» **Exercise details**:
An exact retyping of all lines below is the answer; pictures do not belong in it.

START Information shown

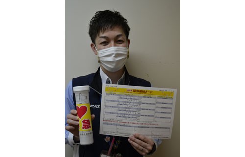 [写真/安心バトンの緊急連絡カードと容器 ]
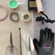 彩色玻璃、锡、铜箔、电烙铁、铜线、染黑(铜)剂、手套、围裙、工具
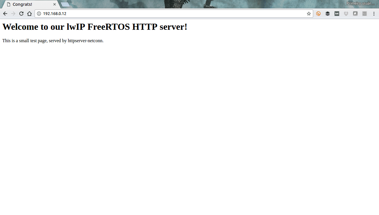 Waiting for TCPIP thread to initialize... Starting LWIP HTTP server... IP_ADDR : 192.168.0.12 NET_MASK : 255.255.255.0 GATEWAY_IP : 192.168.0.1
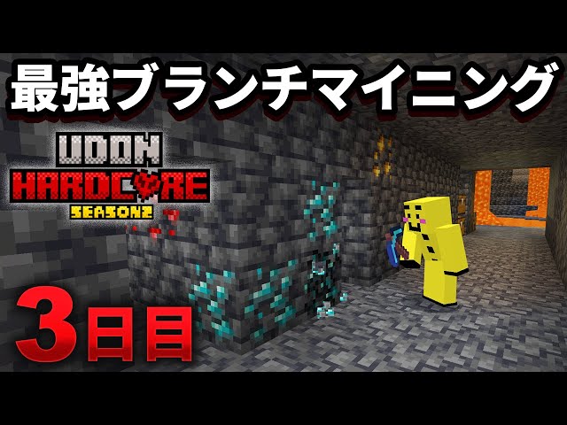 【マイクラ実況】最強のブランチマイニング法で速攻ダイヤ100個を手に入れてしまう【ウドンハードコア2】3日目
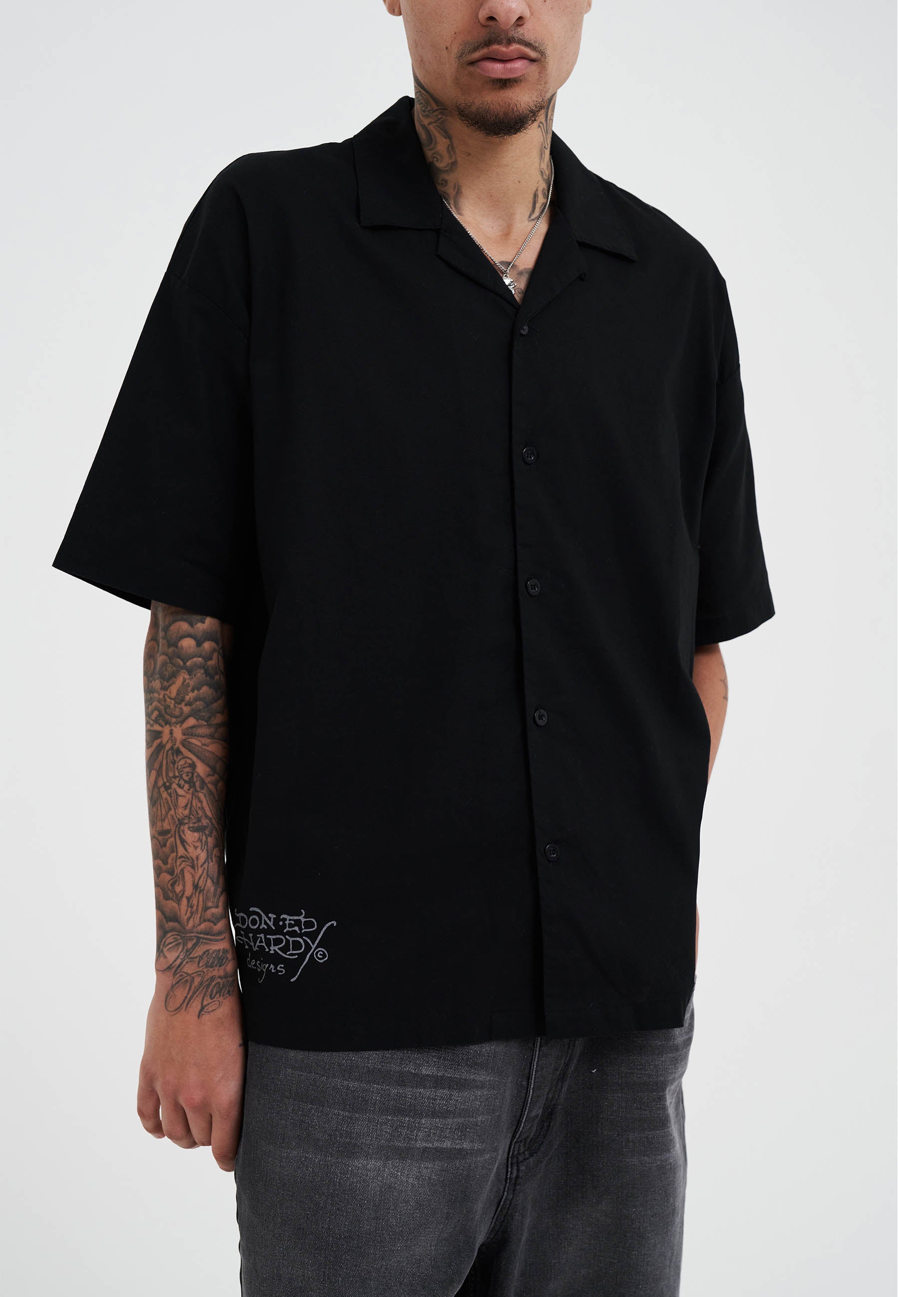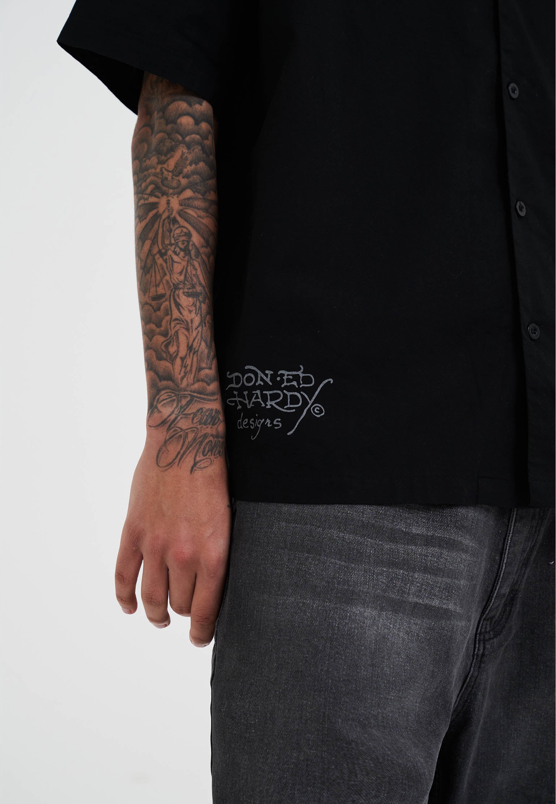 Mens Snakes And Skull Flames Printed Camp Shirt - Black
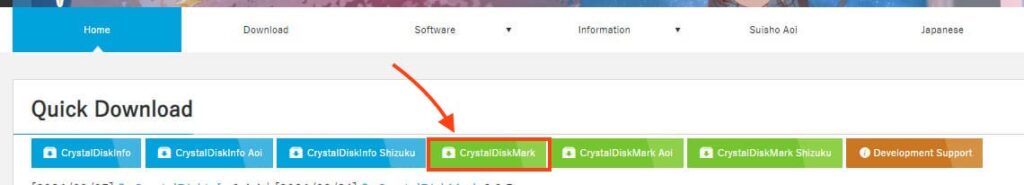Скачать CrystalDiskMark можно с официального сайта разработчика.
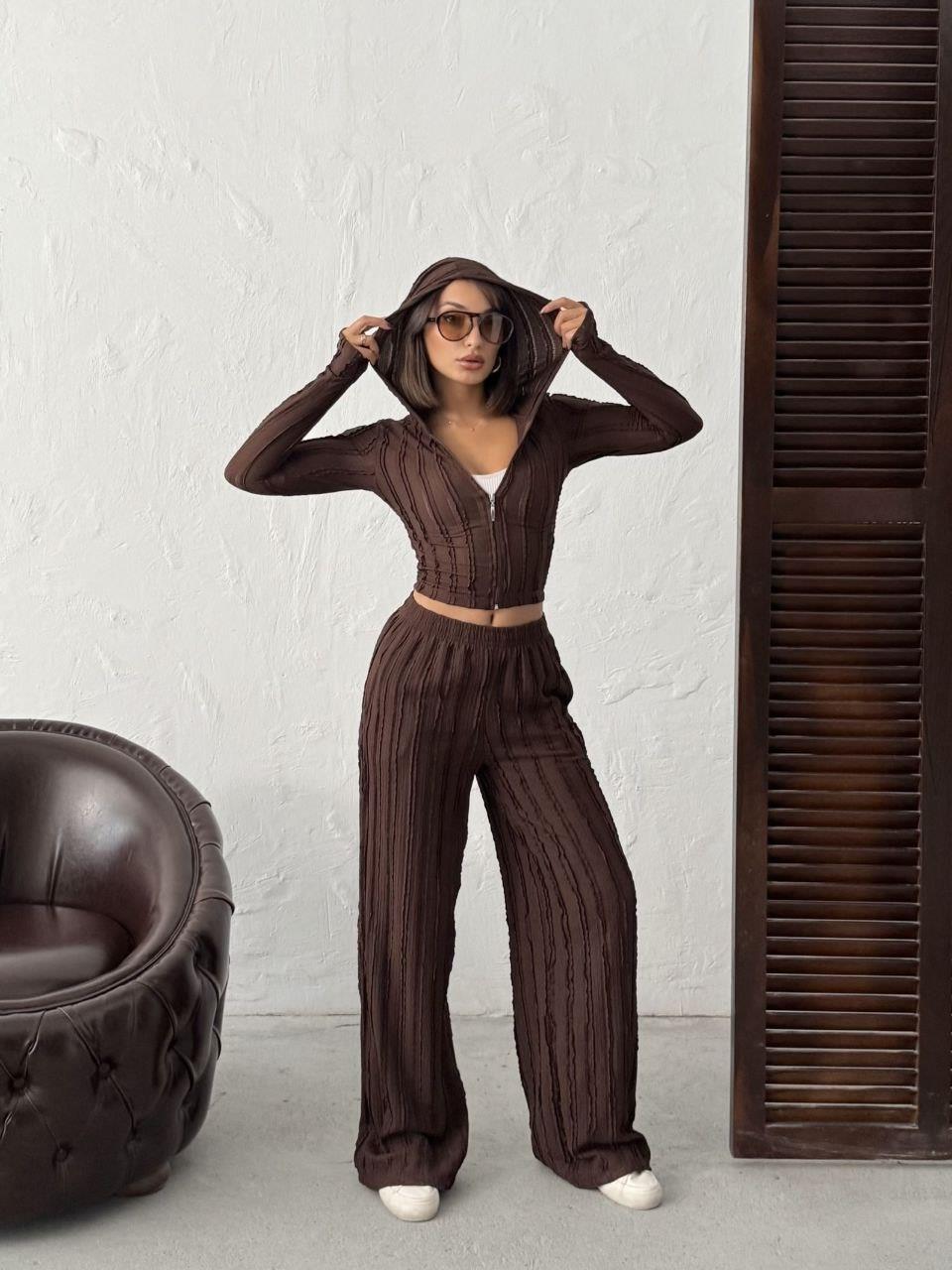 Dikey dokulu, esnek örme kumaştan iki parçalı takım. Parmak geçme detaylı fermuarlı kapüşonlu crop üst ve yüksek bel geniş paça pantolondan oluşur. Günlük ve şehir stiline uygun konforlu kalıp.
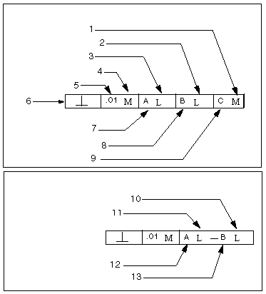 如果几何公差与基准关联,它在公差值后面的小格内放置参考基准名称。在可用处,它在参考基准字符后加上一个材料状态符号。
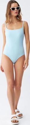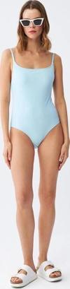 Alfa aksesuar 03 Giyim Kadın Buz Mavisi İnce Askılı Düz Tek Parça Mayo
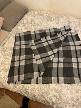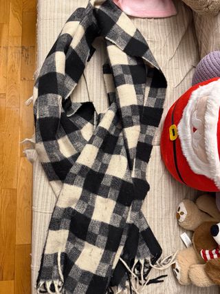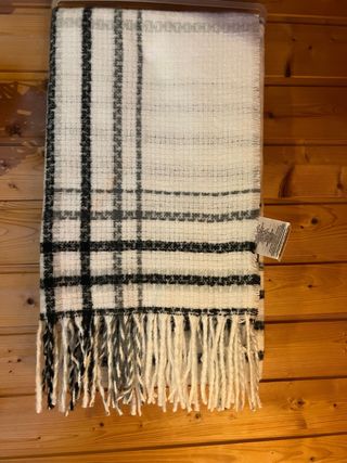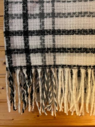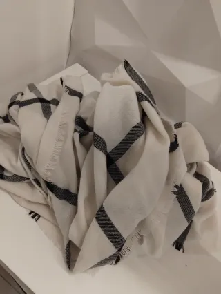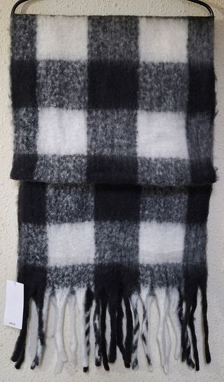 Bufanda con diseño a cuadros en blanco y negro. Perfecta para añadir un toque de estilo. Es super suave!! - Diseño a cuadros. - Flecos en el borde.
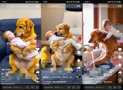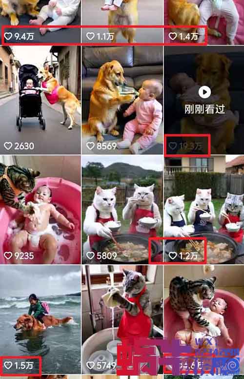 如果没刷到过的可以去搜索宠物带娃,就可以搜索出来很多这种作品。
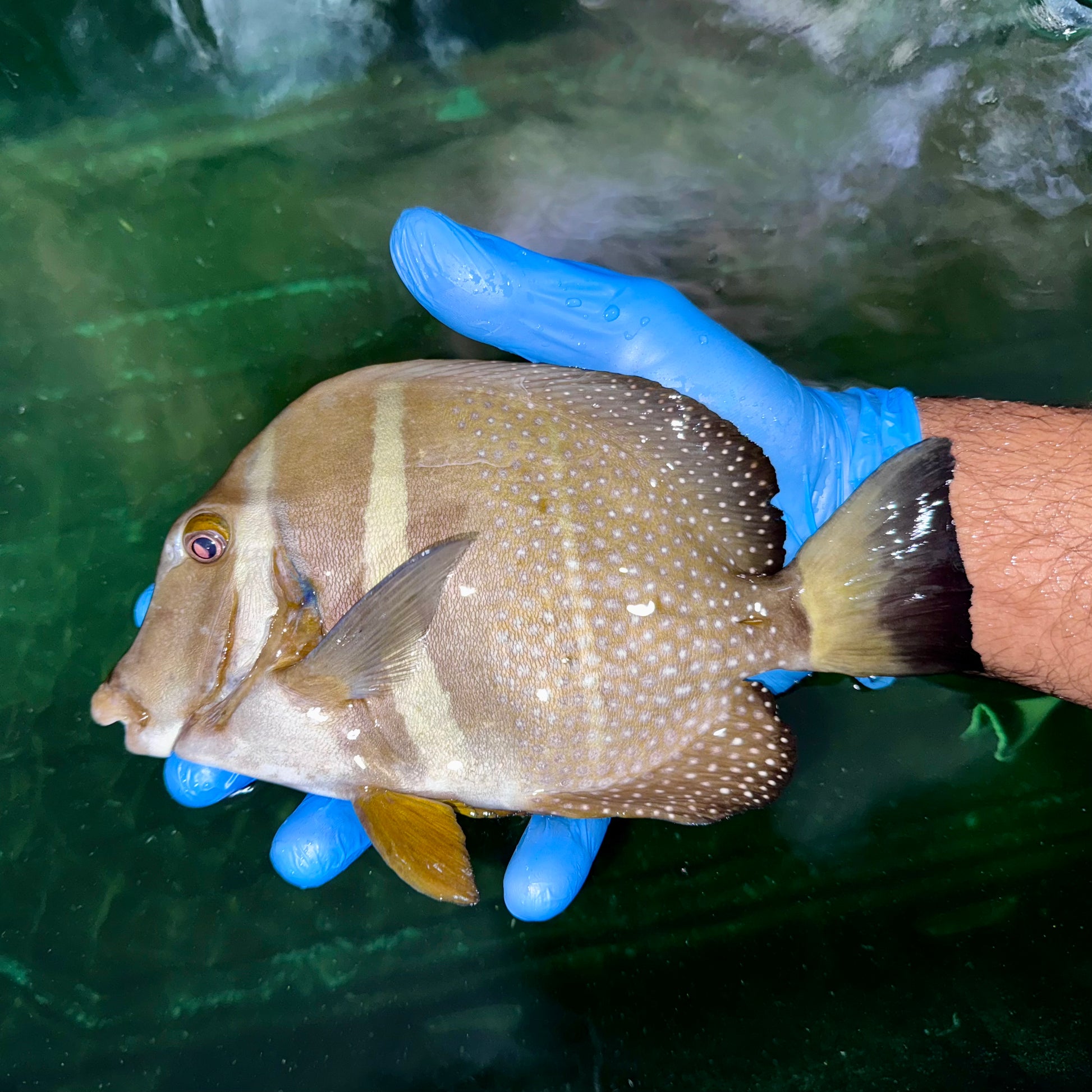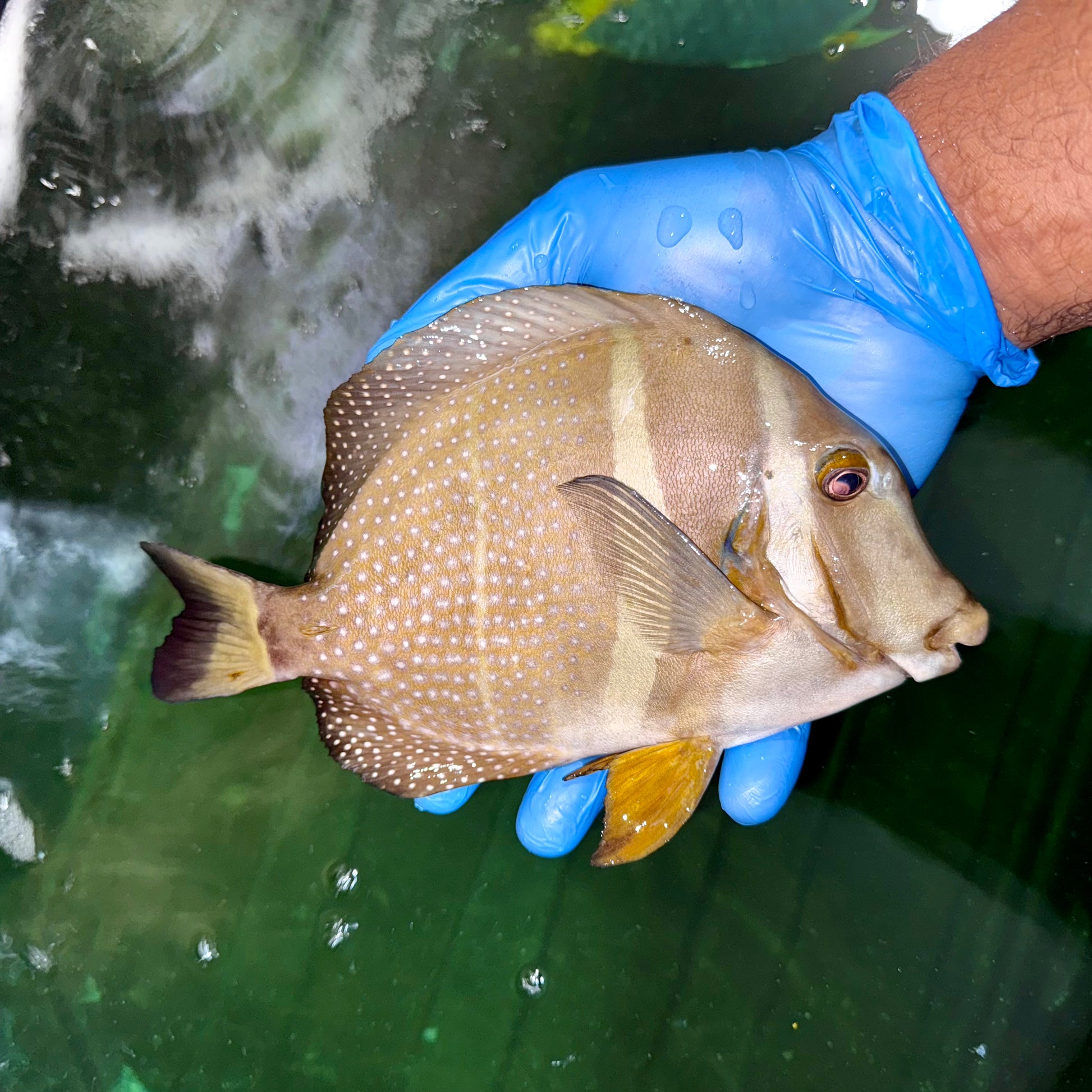 About Mustard Guttatus Tang 8-9” (Acanthurus guttatus)
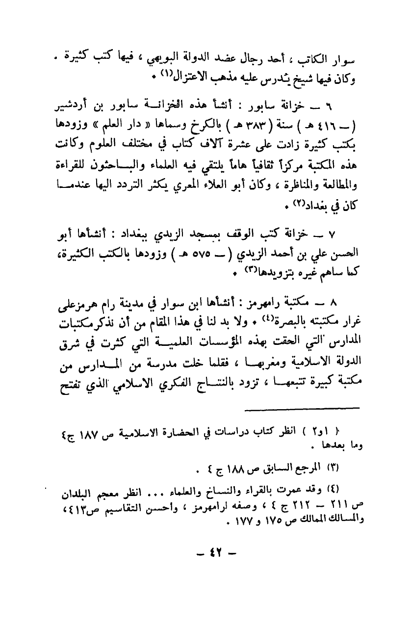أنشأها ابن سوار في مدينة رام هرمز على غرار مكتبة بالبصرة1. ولا بد لنا في هذا المقام من أن نذكر مكتبات المدارس التي ألقحت بهذه المؤسسات العلمية التي كثرت في شرق الدولة الإسلامية ومغربها، فقلما خلت مدرسة من المدارس من مكتبة كبيرة تتبعها، تزود بالنتاج الفكري الإسلامي الذي تفتح
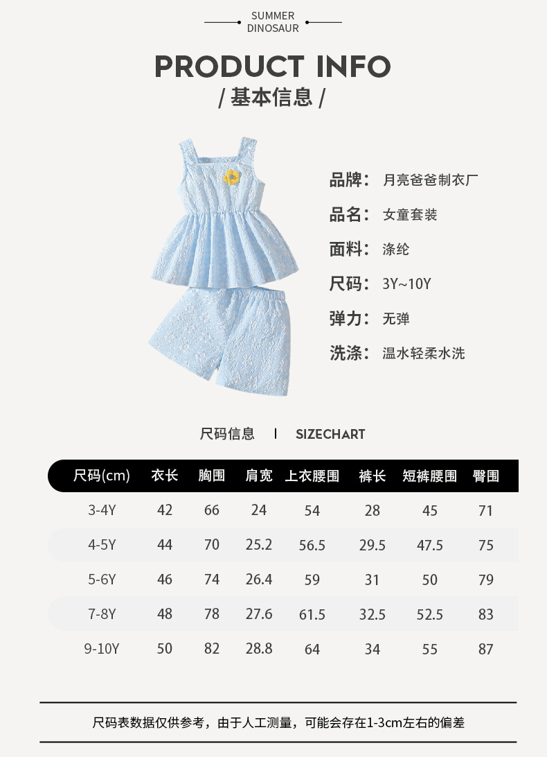 소녀의 여름 조끼 세트 한국식 꽃 자수 프린트 러플 헴 스카이 블루 어린이 투피스 세트
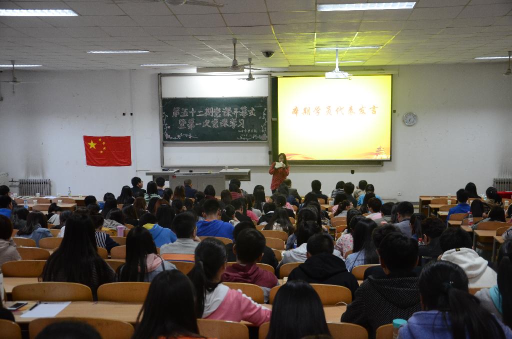 第五十二期党课培训开学典礼与第一次的党课培训。出席此次典礼的有党委书记曲敏、党委副书记程新峰,团委书记冯川川,以及各个学生支部书记。第五十二期全体党课学员及党员辅导员参加此次会议。
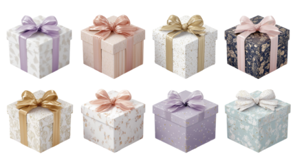 Elegant Gift Boxes with Ribbons in Soft Colors and Various Designs, PNG bundle collection, Isolated on transparent Background

END Information shown

» **Task solution**:
 [写真/安心バトンの緊急連絡カードと容器 ]
 彩色玻璃、锡、铜箔、电烙铁、铜线、染黑(铜)剂、手套、围裙、工具
 Waiting for TCPIP thread to initialize... Starting LWIP HTTP server... IP_ADDR : 192.168.0.12 NET_MASK : 255.255.255.0 GATEWAY_IP : 192.168.0.1
 【マイクラ実況】最強のブランチマイニング法で速攻ダイヤ100個を手に入れてしまう【ウドンハードコア2】3日目
 Mens Snakes And Skull Flames Printed Camp Shirt - Black
Скачать CrystalDiskMark можно с официального сайта разработчика.
 Dikey dokulu, esnek örme kumaştan iki parçalı takım. Parmak geçme detaylı fermuarlı kapüşonlu crop üst ve yüksek bel geniş paça pantolondan oluşur. Günlük ve şehir stiline uygun konforlu kalıp.
 如果几何公差与基准关联,它在公差值后面的小格内放置参考基准名称。在可用处,它在参考基准字符后加上一个材料状态符号。
 Alfa aksesuar 03 Giyim Kadın Buz Mavisi İnce Askılı Düz Tek Parça Mayo
 Bufanda con diseño a cuadros en blanco y negro. Perfecta para añadir un toque de estilo. Es super suave!! - Diseño a cuadros. - Flecos en el borde.
 如果没刷到过的可以去搜索宠物带娃,就可以搜索出来很多这种作品。
 About Mustard Guttatus Tang 8-9” (Acanthurus guttatus)
أنشأها ابن سوار في مدينة رام هرمز على غرار مكتبة بالبصرة1. ولا بد لنا في هذا المقام من أن نذكر مكتبات المدارس التي ألقحت بهذه المؤسسات العلمية التي كثرت في شرق الدولة الإسلامية ومغربها، فقلما خلت مدرسة من المدارس من مكتبة كبيرة تتبعها، تزود بالنتاج الفكري الإسلامي الذي تفتح
 소녀의 여름 조끼 세트 한국식 꽃 자수 프린트 러플 헴 스카이 블루 어린이 투피스 세트
 第五十二期党课培训开学典礼与第一次的党课培训。出席此次典礼的有党委书记曲敏、党委副书记程新峰,团委书记冯川川,以及各个学生支部书记。第五十二期全体党课学员及党员辅导员参加此次会议。
 Elegant Gift Boxes with Ribbons in Soft Colors and Various Designs, PNG bundle collection, Isolated on transparent Background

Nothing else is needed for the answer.